GIVEN DATA:

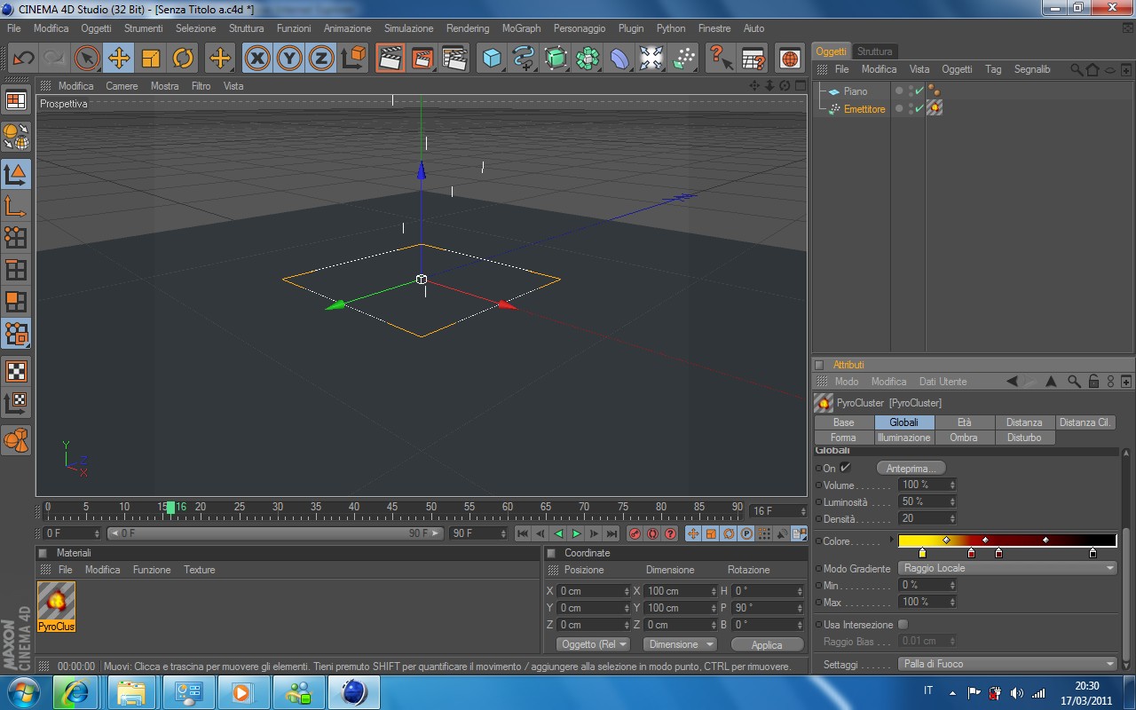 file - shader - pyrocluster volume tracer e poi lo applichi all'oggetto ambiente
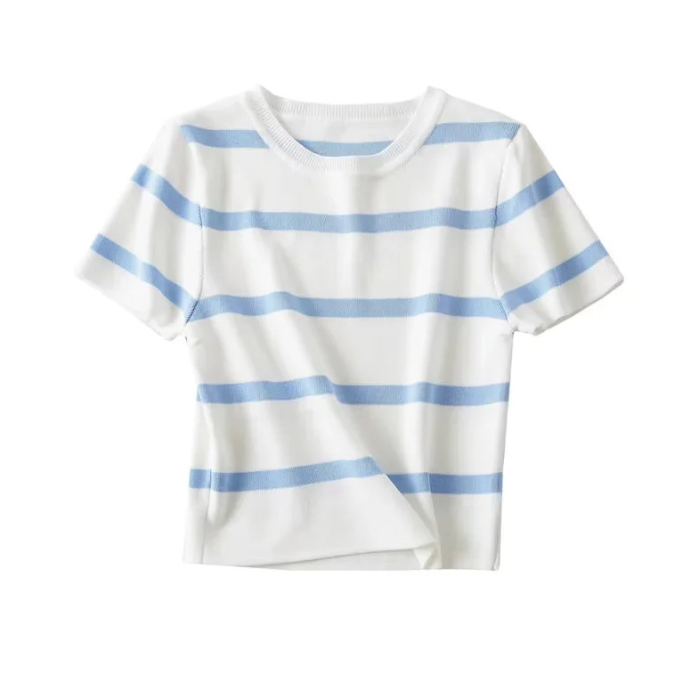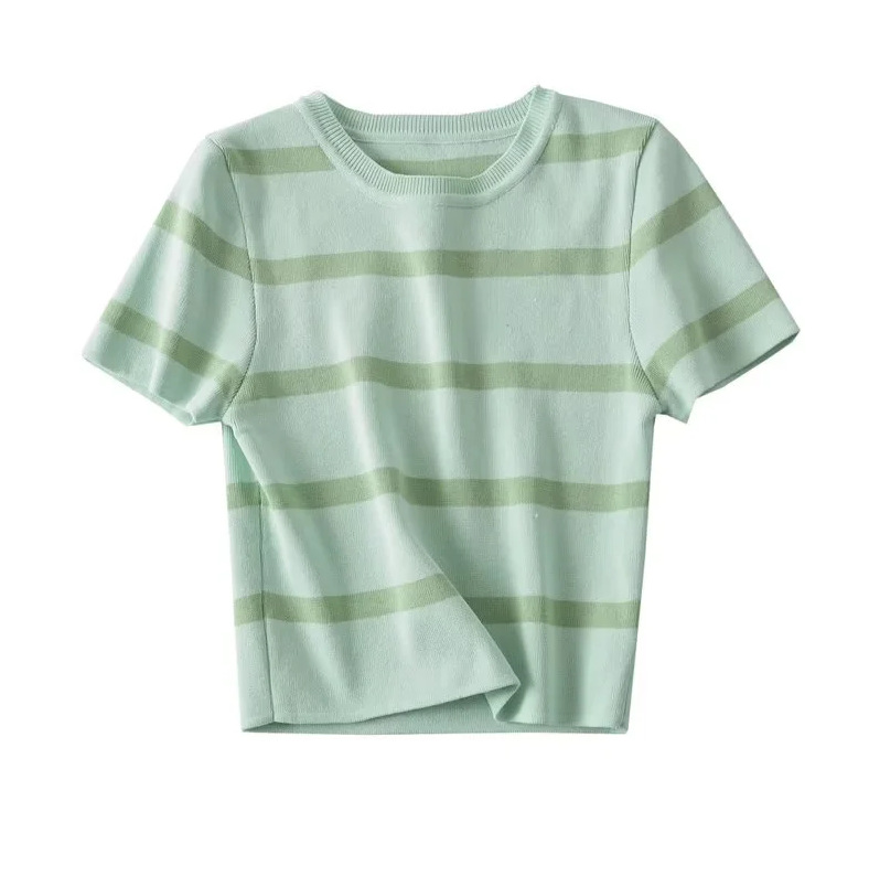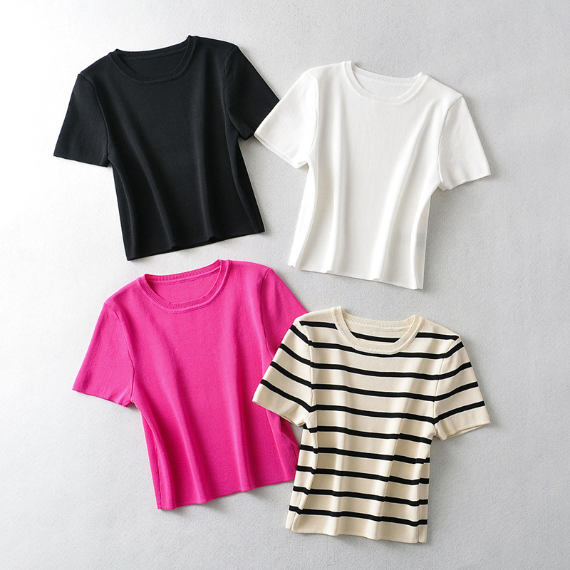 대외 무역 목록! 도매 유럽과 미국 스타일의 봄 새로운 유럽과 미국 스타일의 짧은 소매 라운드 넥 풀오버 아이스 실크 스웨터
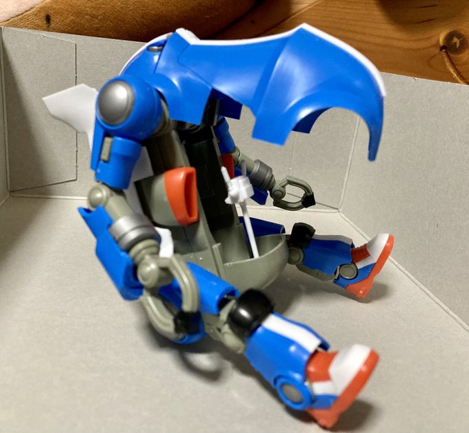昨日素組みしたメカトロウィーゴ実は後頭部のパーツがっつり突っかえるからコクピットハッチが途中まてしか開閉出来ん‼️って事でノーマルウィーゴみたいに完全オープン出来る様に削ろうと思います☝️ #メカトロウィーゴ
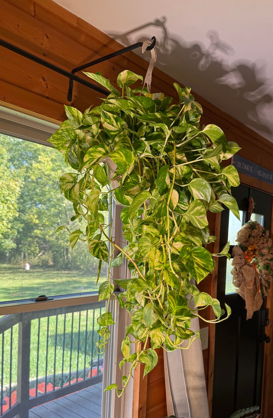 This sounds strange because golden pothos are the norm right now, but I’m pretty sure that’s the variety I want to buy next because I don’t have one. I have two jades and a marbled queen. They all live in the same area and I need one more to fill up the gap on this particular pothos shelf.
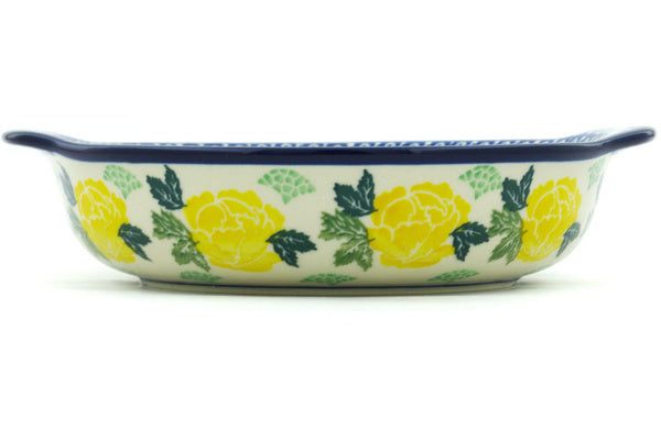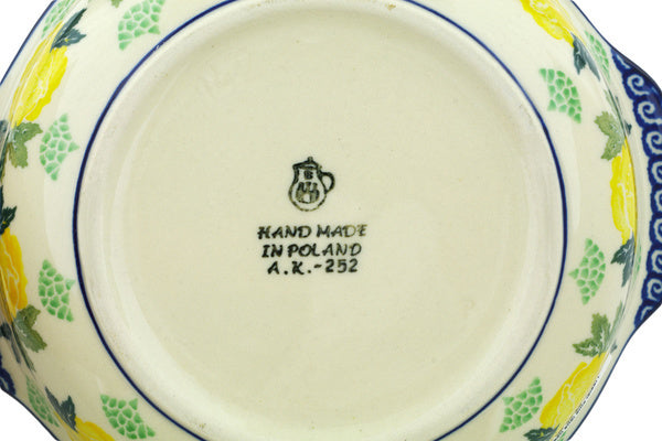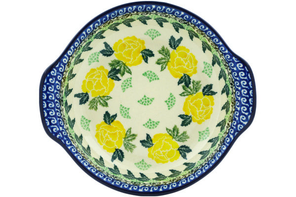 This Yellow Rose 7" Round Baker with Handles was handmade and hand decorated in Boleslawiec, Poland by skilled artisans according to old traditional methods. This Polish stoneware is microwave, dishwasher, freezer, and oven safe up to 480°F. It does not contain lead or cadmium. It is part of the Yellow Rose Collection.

==

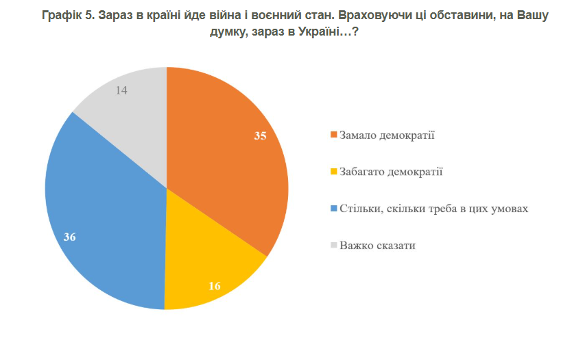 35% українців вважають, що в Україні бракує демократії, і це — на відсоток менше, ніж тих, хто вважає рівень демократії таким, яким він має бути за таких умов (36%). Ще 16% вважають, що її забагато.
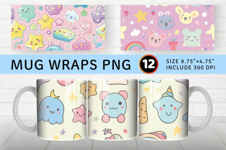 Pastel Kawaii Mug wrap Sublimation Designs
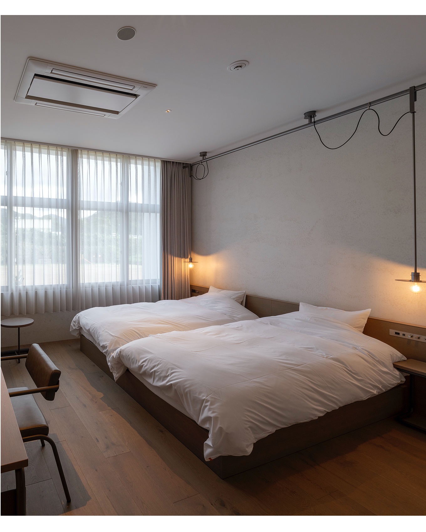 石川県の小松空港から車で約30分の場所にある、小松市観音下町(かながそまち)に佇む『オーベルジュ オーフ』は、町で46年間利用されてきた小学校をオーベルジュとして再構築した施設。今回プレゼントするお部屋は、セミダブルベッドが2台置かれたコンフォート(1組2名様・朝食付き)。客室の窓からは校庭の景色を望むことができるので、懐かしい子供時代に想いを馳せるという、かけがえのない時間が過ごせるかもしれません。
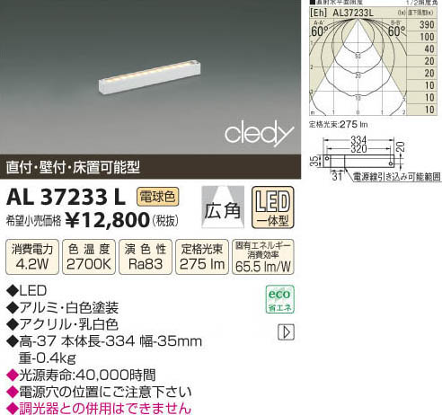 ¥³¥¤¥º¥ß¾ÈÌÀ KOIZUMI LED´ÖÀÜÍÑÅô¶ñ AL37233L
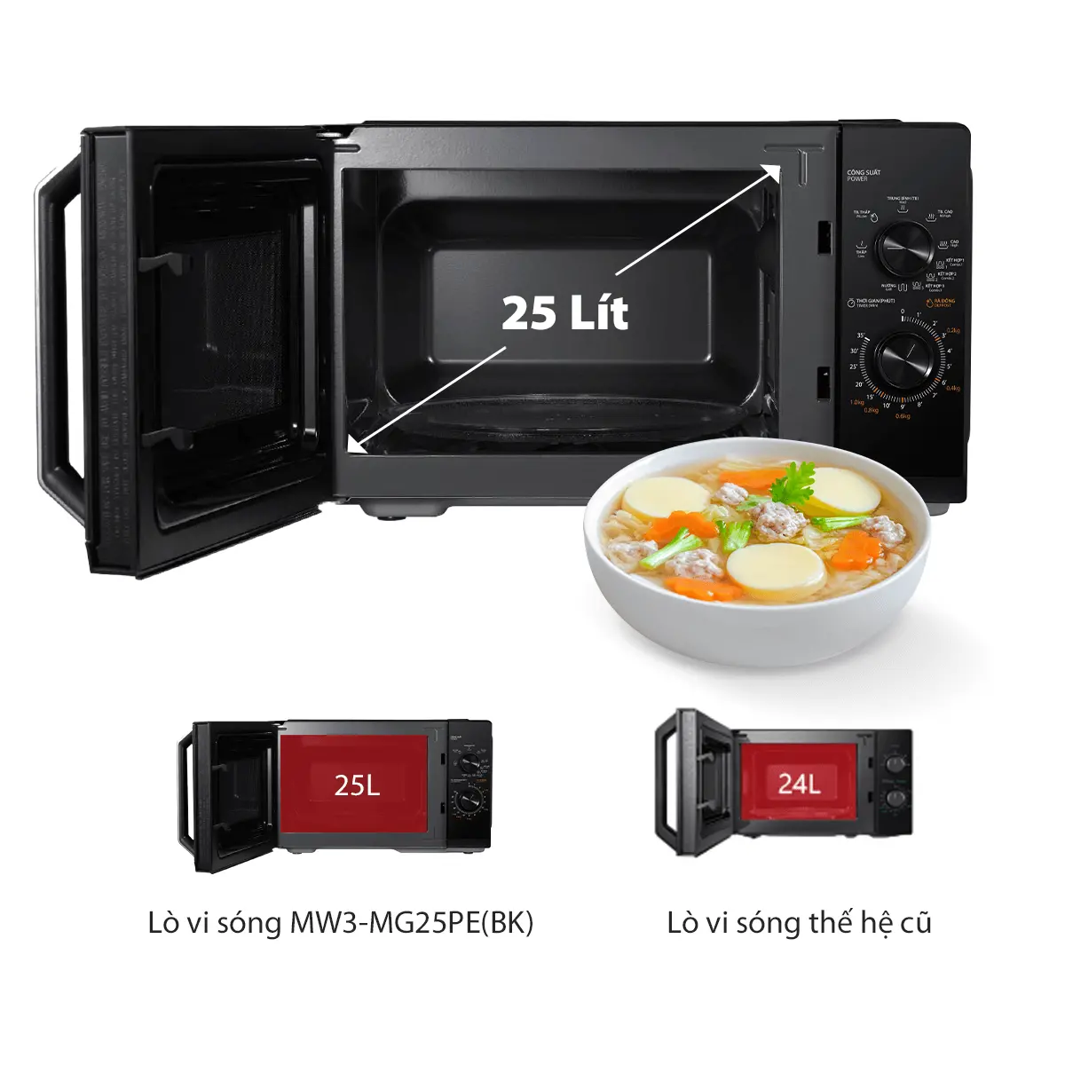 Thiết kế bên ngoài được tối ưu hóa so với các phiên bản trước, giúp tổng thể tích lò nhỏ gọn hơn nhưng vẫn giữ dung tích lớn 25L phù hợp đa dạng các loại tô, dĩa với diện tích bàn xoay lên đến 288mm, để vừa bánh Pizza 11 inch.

...

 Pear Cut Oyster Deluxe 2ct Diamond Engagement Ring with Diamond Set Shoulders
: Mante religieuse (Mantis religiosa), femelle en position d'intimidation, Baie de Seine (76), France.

EXERCISE: Line for line, output the entries above from the line with "file - shader" to the line with "This sounds strange", both included, and nothing more. Skip pictures.

ANSWER TO THIS PROBLEM:
 file - shader - pyrocluster volume tracer e poi lo applichi all'oggetto ambiente
 대외 무역 목록! 도매 유럽과 미국 스타일의 봄 새로운 유럽과 미국 스타일의 짧은 소매 라운드 넥 풀오버 아이스 실크 스웨터
昨日素組みしたメカトロウィーゴ実は後頭部のパーツがっつり突っかえるからコクピットハッチが途中まてしか開閉出来ん‼️って事でノーマルウィーゴみたいに完全オープン出来る様に削ろうと思います☝️ #メカトロウィーゴ
 This sounds strange because golden pothos are the norm right now, but I’m pretty sure that’s the variety I want to buy next because I don’t have one. I have two jades and a marbled queen. They all live in the same area and I need one more to fill up the gap on this particular pothos shelf.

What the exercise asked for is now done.